Chlorophyll as a light catcher

The chlorophyll is vital for plants. With this dye, the plant can capture the energy of sunlight and convert it, together with water and carbon dioxide, into glucose. Since this process also creates the oxygen that we need to breathe, plants are vital for us. By the way, this process is called photosynthesis.

The glucose produced by photosynthesis is rich in energy and is transported as fuel to all parts of a plant. There the grape sugar is used to build wood, bark and leaves.

Chlorophyll is green

To understand why the chlorophyll and thus the leaves are green and not blue, for example, one must first know one thing: Sunlight is composed of several colors. You can see that impressively in a rainbow. There the water droplets split the light into its colors.
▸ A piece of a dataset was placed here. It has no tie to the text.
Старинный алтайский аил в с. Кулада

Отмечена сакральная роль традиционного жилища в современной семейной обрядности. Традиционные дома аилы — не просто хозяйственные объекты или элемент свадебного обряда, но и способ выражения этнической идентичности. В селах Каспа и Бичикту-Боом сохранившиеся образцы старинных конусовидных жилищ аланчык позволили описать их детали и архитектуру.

The green chlorophyll in the green leaf absorbs the red, purple, blue and yellow rays of the sun and uses the energy from this light to photosynthesize. Only the leaf does not need the green color. This color is simply thrown back from the leaf and is the only color that arrives in our eye. That’s why leaves look green!

Rest in winter

Many plants take a break from growing during the cold, dry winter months. In most native deciduous trees, the chlorophyll regresses and is slowly broken down. The leaves on the trees first change color and then fall off.
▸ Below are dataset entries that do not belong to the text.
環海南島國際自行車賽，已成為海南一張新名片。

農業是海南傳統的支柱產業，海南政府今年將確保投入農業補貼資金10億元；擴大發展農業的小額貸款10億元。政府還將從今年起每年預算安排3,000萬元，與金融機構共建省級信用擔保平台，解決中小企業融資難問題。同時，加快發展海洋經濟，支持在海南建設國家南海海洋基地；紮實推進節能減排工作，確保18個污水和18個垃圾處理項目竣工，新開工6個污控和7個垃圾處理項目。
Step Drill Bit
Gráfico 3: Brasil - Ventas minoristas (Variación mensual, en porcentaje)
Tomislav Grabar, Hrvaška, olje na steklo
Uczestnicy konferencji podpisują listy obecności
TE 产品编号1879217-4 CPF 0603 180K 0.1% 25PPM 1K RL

Why some leaves are colorful anyway

But how is it that some plants do not have green leaves at all, but red ones, such as the copper beeches or some ornamental plants? “These plants are actually green too,” explains Kleine, “the green is only covered by other dyes, the so-called anthocyanins”. Some plants form these red pigments as protection against too strong UV light, similar to how a person gets brown skin. The green chlorophylls are also hidden under this red dress and collect the energy of the sunlight.